Content starts

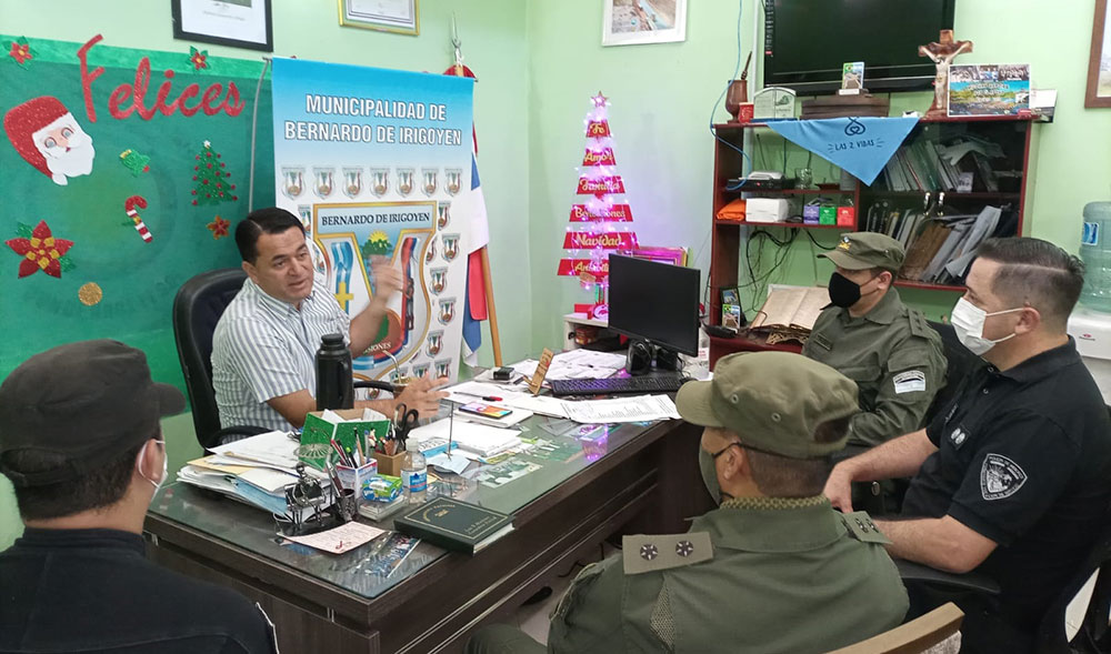 Por esta razón, ayer se realizó una reunión en la Municipalidad de Bernardo de Irigoyen, encabezada por el intendente Guillermo Fernández. Participaron además el jefe del Escuadrón 12 de la Gendarmería Nacional, Comandante Principal Virgilio Martinez; el jefe de la Unidad Regional XII de la Policía de Misiones, Comisario Mayor Leonardo Javier Viera; el director de Comercio Municipal, Juan Mateauda, la asesora legal de la Comuna, Blanca Nuñez, entre otros.
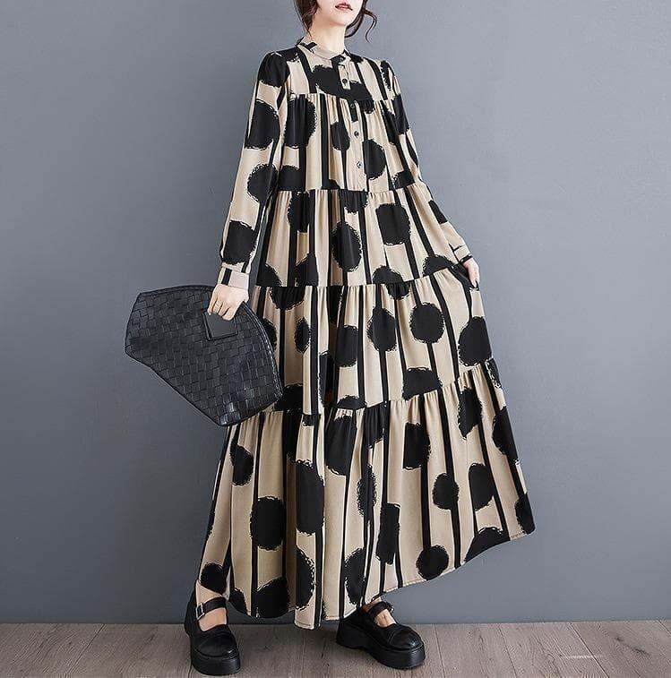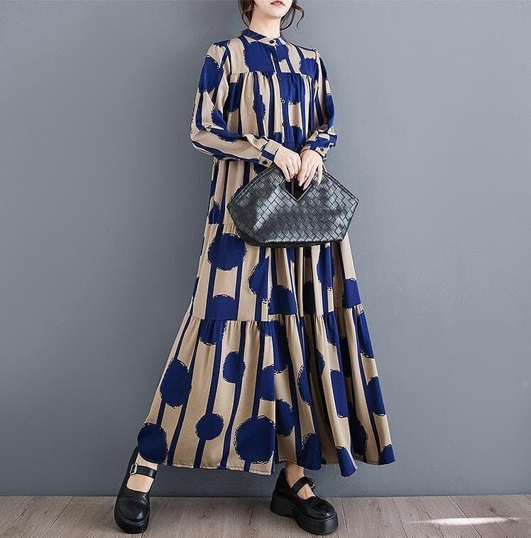 【大きいサイズ】 レディース ロング ワンピース 新品 長袖 シャツ ドット
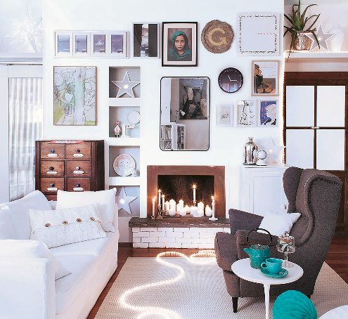 Accanto al divano Monopoli di [Désirée] come il pouf giallo, tavolino Lövbacken [Ikea, cm 77x39x51h]; a parete applique IO blu a luce direzionabile ruotando il paralume in metallo [FontanaArte, ø cm 16,5x10,5].
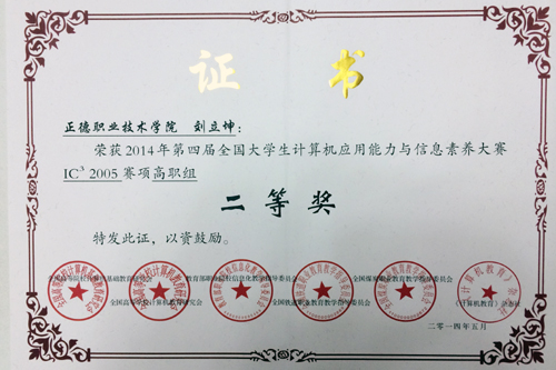 共有291个院校代表队,总计15000名学生参加本届大赛,最后进入总决赛的院校代表队有221个,比赛竞争十分激烈。我校代表队在本届大赛中沉着应战,不畏强手,表现优异,取得了可喜成绩。分别获得大赛IC³-2005组一等奖和二等奖的好成绩,其中电子信息工程技术专业的黄鑫获得一等奖,计算机软件专业的刘立坤获得二等奖。这次我院学生在全国重要赛事中获得大奖,彰显了我院在人才培养,特别是计算机应用教育教学方面的实力。
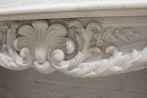 The soft, creamy white tone of the marble provides a neutral backdrop for the intricate carvings and ornate details that adorn its surface, adding a touch of luxury to any room in which it is placed.
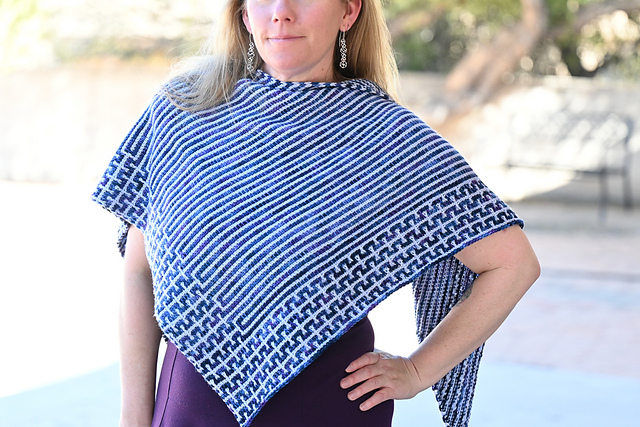 The **Calliope Mosaic Shawl** is a striking yet approachable shawl for folks new to Tunisian mosaic stitch. The design uses two colors of sport weight yarn from Bad Sheep Yarn for a cozy shawl that still has plenty of drape.
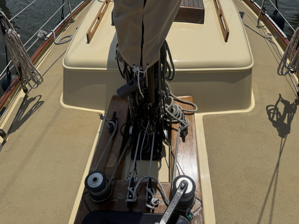 Authentic craftsmanship in every detail. Look at the finish of the cockpit coaming, the septers of stainless steel in style, the winches are even overhauled, beautifully painted, no rust, stainless steel bumpers, super heavy Volvo Penta clean and strong and reliable.
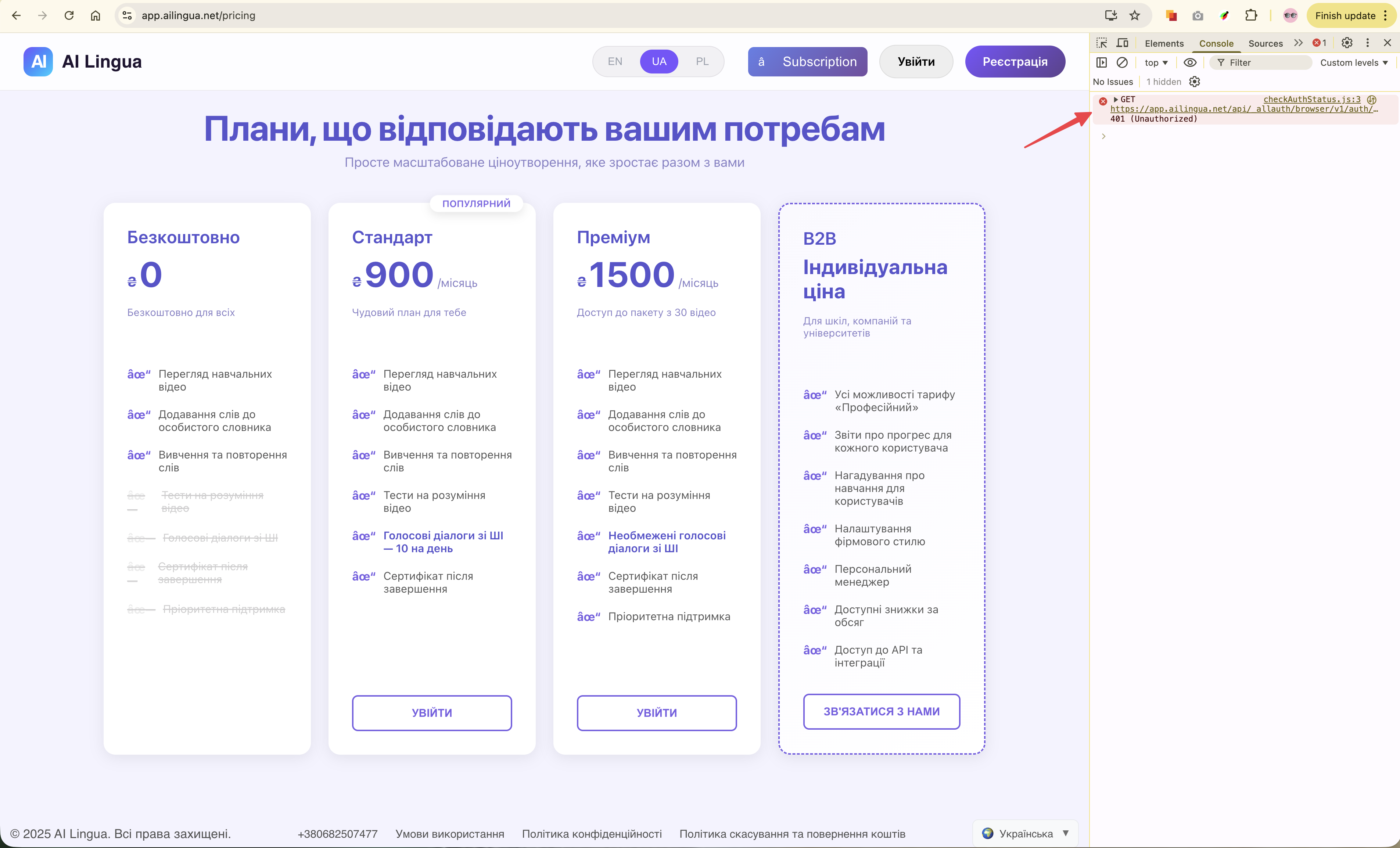 Check the error report for more information.

Content ends

■ **Your instructions**: Without any pictures, reproduce exactly the lines from the line that contains "The soft, creamy" to the end of the entries above, both ends included.

■ **Completed exercise**:
 The soft, creamy white tone of the marble provides a neutral backdrop for the intricate carvings and ornate details that adorn its surface, adding a touch of luxury to any room in which it is placed.
 The **Calliope Mosaic Shawl** is a striking yet approachable shawl for folks new to Tunisian mosaic stitch. The design uses two colors of sport weight yarn from Bad Sheep Yarn for a cozy shawl that still has plenty of drape.
 Authentic craftsmanship in every detail. Look at the finish of the cockpit coaming, the septers of stainless steel in style, the winches are even overhauled, beautifully painted, no rust, stainless steel bumpers, super heavy Volvo Penta clean and strong and reliable.
 Check the error report for more information.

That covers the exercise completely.